Even if CC BY is possible copyright-wise, be aware that it merely paraphrases the rules of good scientific practice. So you are setting conditions that are rather self-evident for scientists but nevertheless imply an extra effort for reuse, namely figuring out how to attribute correctly according to the license.
For similar reasons, using more restrictive licenses should be extremely carefully considered, at least if you are intending to make your data reusable for others. In particular, it can become impossible to merge data published under different, more restrictive licenses as their licenses may be incompatible, preventing follow-up research, archiving or even publication of the combined data (cf. [this CC FAQ](https://creativecommons.org/faq/#can-i-combine-material-under-different-creative-commons-licenses-in-my-work)).

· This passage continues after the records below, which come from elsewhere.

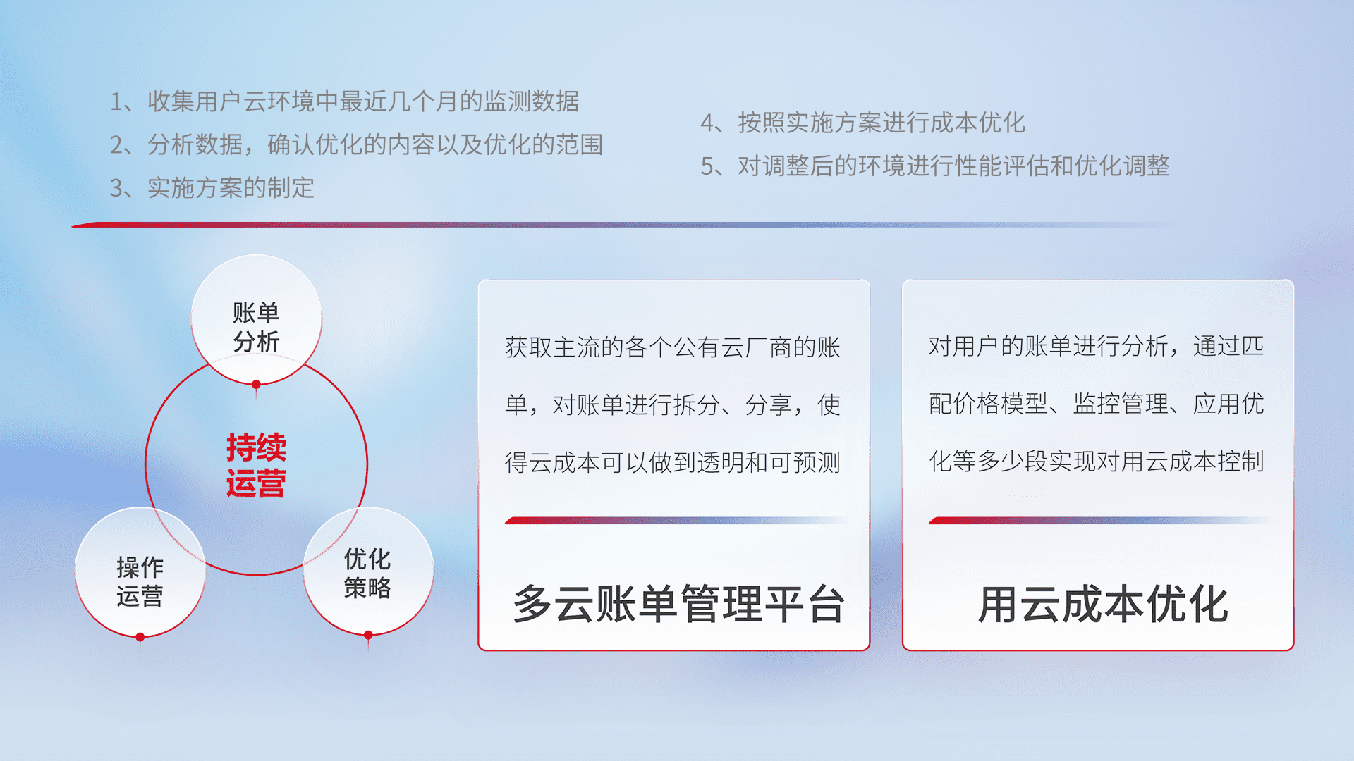 通过多云纳管,,以统一的资源数据模型把客户的云资源进行抽象和封装,,进而实现对多云资源的统一操作,,,保障云资源管理的可靠性、、、、稳定性与可用性。。。量身定制化运维内容,,,,配置、、、开发运维、、、、补丁管理、、备份、、监控、、认证和访问管理、、、审计和日常巡检等,,保障在用云过程中的可靠度,,,,稳定度以及高可用率。。。。
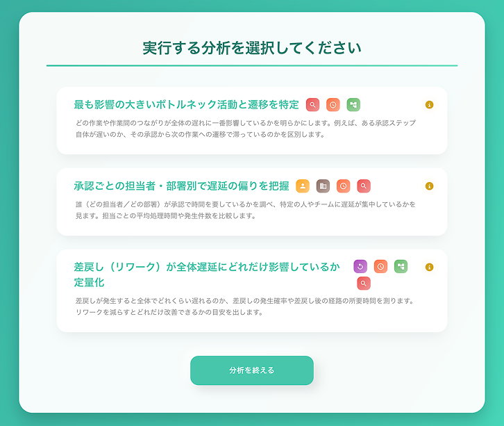 利用者が「時間のかかっている業務を特定したい」といった目的を日本語で入力すると、AIがデータを解釈し、「最も影響の大きいボトルネック活動を特定する」といった具体的な分析ステップを3択で提案します。
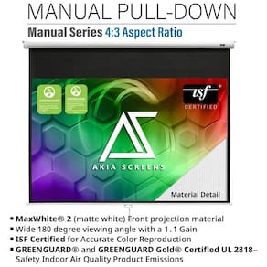 A tela de projeção manual retrátil Akia Screens de 100 polegadas foi desenvolvida para uso em home theater, escritórios e salas de aula que utilizam projetores de longo alcance no formato 4:3, mantendo compatibilidade com conteúdos em 16:9 e 16:10. Ela oferece área de projeção de 203 x 152 cm, em carcaça metálica branca para montagem em parede ou teto, acompanhada de suporte tipo L de 10 polegadas que afasta a tela da parede para melhor posicionamento em relação a portas, rodapés ou móveis.
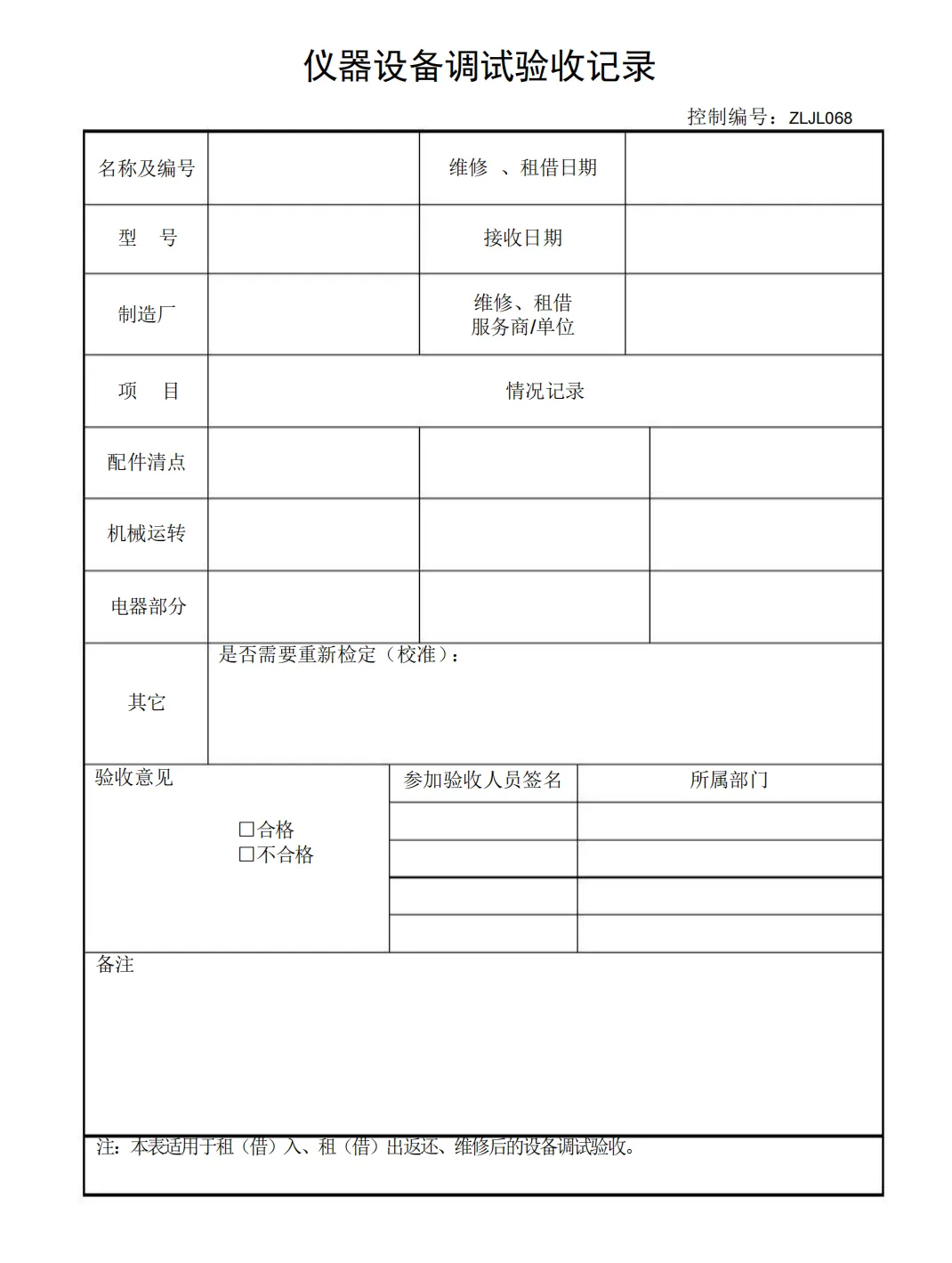 仪器设备调试验收记录

CC0 is great, because it is universally compatible and ensures free reusability of research data.
::: callout-note
## Excursion: Creative Commons licences
Creative commons licenses are widely used in research and we will therefore go into a little bit of detail on these. CC provides four features, which form the basis of a fixed set of six CC licenses. These are:
- BY: For "attribution", i.e., the obligation to credit the author and other parties designated for attribution
- ND: For "no derivatives", i.e., only verbatim copies of the work can be shared
- NC: For "non-commercial", i.e., commercial use is excluded from the license grant
- SA: For "share alike", i.e., the work can be modified and modified versions can be published but only under the original or a compatible license
The following six licenses result from the combination of these four features, listed from most (left) to least (right) permissive here:
::: {layout-ncol="6"}
![[CC BY](https://creativecommons.org/licenses/by/4.0/)](images/cc-by.png)
![[CC BY-SA](https://creativecommons.org/licenses/by-sa/4.0/)](images/cc-by-sa.png)

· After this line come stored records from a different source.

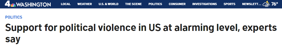 另外,美國國家廣播公司華盛頓地方頻道(NBC Washington)日前報道稱,盡管美國支持政治暴力的人與(yu) 去年相比略有減少,但暴力支持者現在更傾(qing) 向使用槍支來實現他們(men) 的目的。數月來,專(zhuan) 家們(men) 始終表示,美國對出於(yu) 政治動機的暴力的支持度達到了令人十分擔憂的水平。
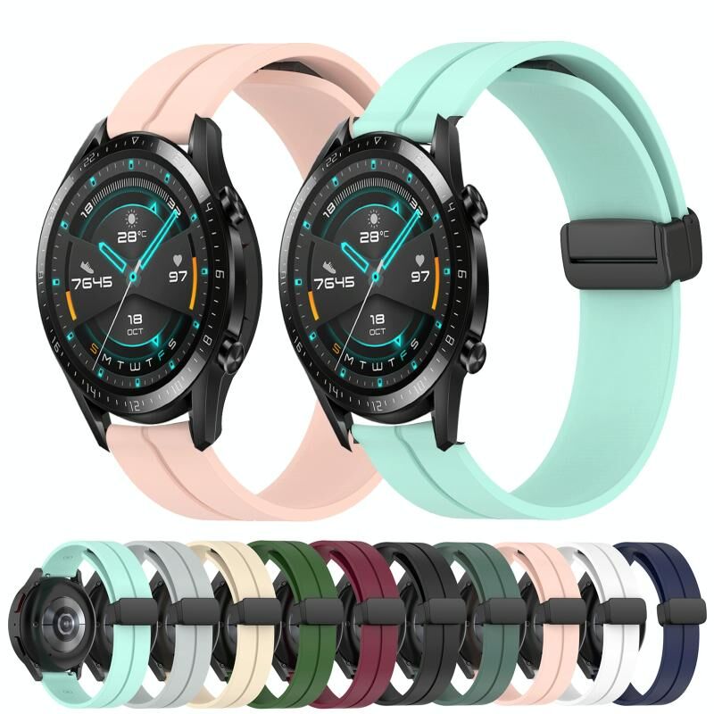 Για Huawei GT2 46mm 22mm στερεό χρώμα μαγνητικό κούμπωμα σιλικόνης ρολόι μπάντα ρολογιού (Στρατού πράσινο)
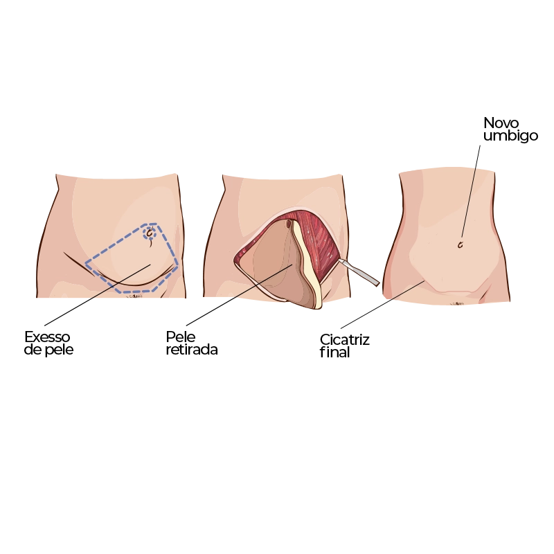 A pele é totalmente descolada da musculatura que esta abaixo, tracionada até o limite inferior e todo excedente é ressecado. O umbigo é reimplantado em outro local na pele.
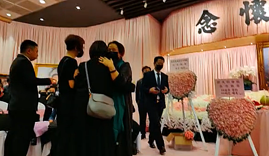 谭家的成员坐在灵堂的第一排,蔡天凤的婆婆(即Chris的母亲)最为伤感,多次与来宾拥抱并大哭,Chris的父亲谭泽均也多次抹泪。
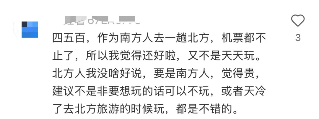 不外也有少数破钞者理解:“南边室内雪场运营本钱高,省去了路费住宿,家门口的顶级花样偶尔体验可行”。

![[CC BY-NC](https://creativecommons.org/licenses/by-nc/4.0/)](images/cc-by-nc.png)
![[CC BY-NC-SA](https://creativecommons.org/licenses/by-nc-sa/4.0/)](images/cc-by-nc-sa.png)

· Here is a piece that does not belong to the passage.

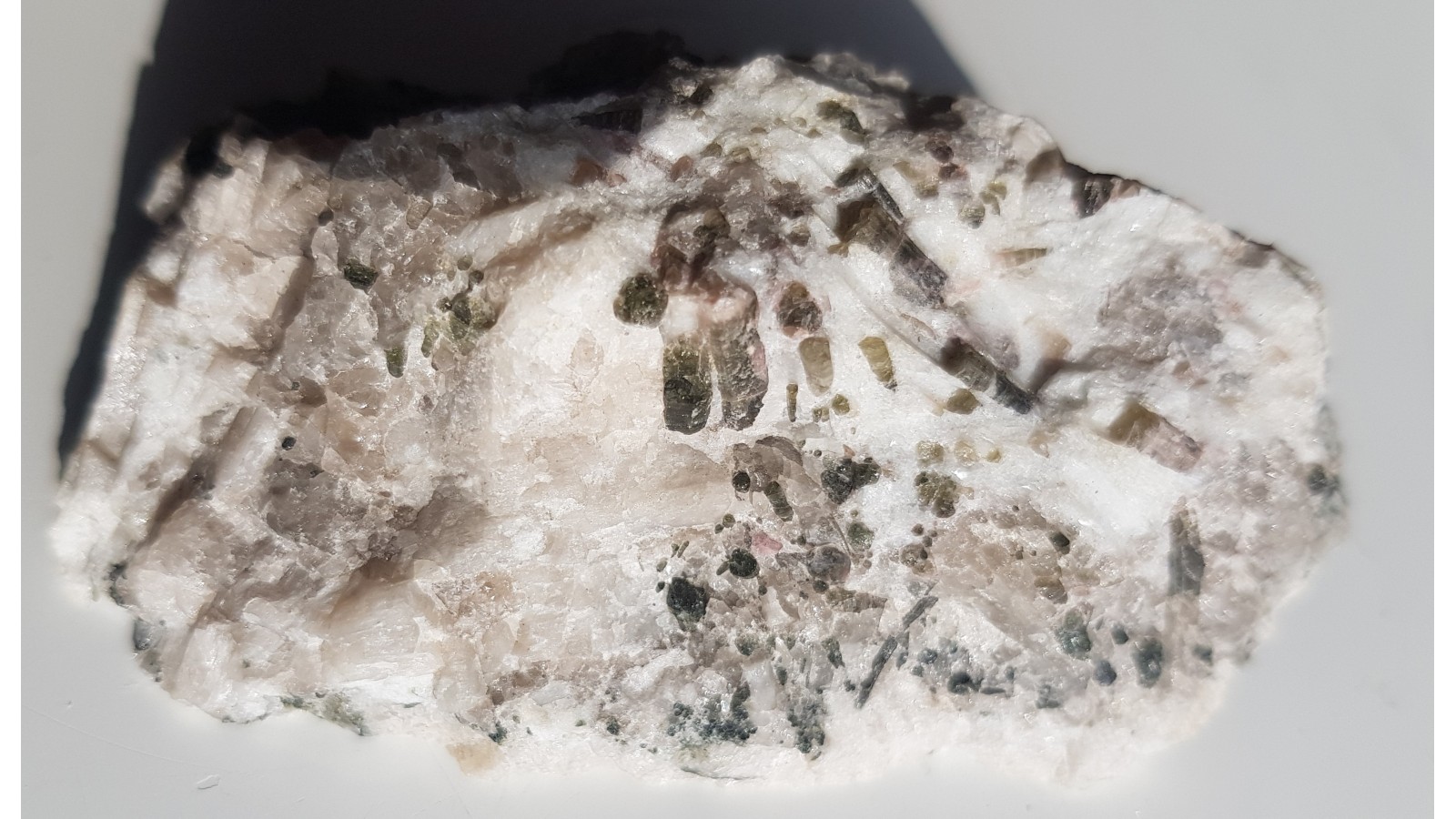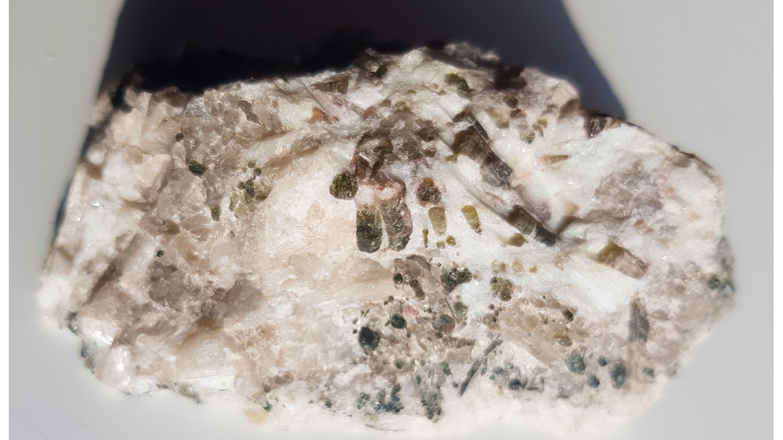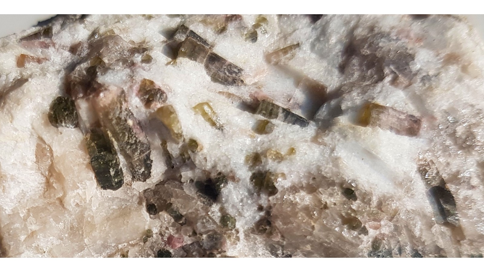 Bardzo estetyczny okaz barwnego elbaitu (turmalin litowy) z Piławy Górnej w Górach Sowich. Niewielkie, lecz całe i liczne kryształy wrośnięte w pegmatyt. Barwa zielona i różowa. Rzadkość mineralogiczna z dotychczas jedynego znanego w polskich Sudetach stanowiska turmalinów litowych. Polecam.

![[CC BY-ND](https://creativecommons.org/licenses/by-nd/4.0/)](images/cc-by-nd.png)
![[CC BY-NC-ND](https://creativecommons.org/licenses/by-nc-nd/4.0/)](images/cc-by-nc-nd.png)
:::
In addition, there are two further labels, to dedicate the published work to the **public domain**.
- CC0: Allowing others to reuse your work without conditions, i.e., even if you were copyright holder you are not insisting on it. Good scientific practice obviously foresees that you will in any case credit the author(s) of work you are (re)using!
- Public domain mark: Explicitly label work that is not restricted by copyright.
::: {layout="[15,-10,15,-60]"}
![[CC0](https://creativecommons.org/publicdomain/zero/1.0/)](images/cc-zero.png)
![[PDM](https://creativecommons.org/publicdomain/mark/1.0/)](images/cc-pdm.png)
:::
As stated above, the CC0 label or the CC BY license should be your preferred choice. In (the unlikely) case that you need a more restrictive license, there is a nice graphical illustration to help you: [choo-choo-choose your license](https://www.joeran.de/wp-content/dox/sites/10/cc-licencse-choo-choo-train.png).
:::
::: callout-tip
## Task 1.2:
- Are you actually allowed to reuse your dataset?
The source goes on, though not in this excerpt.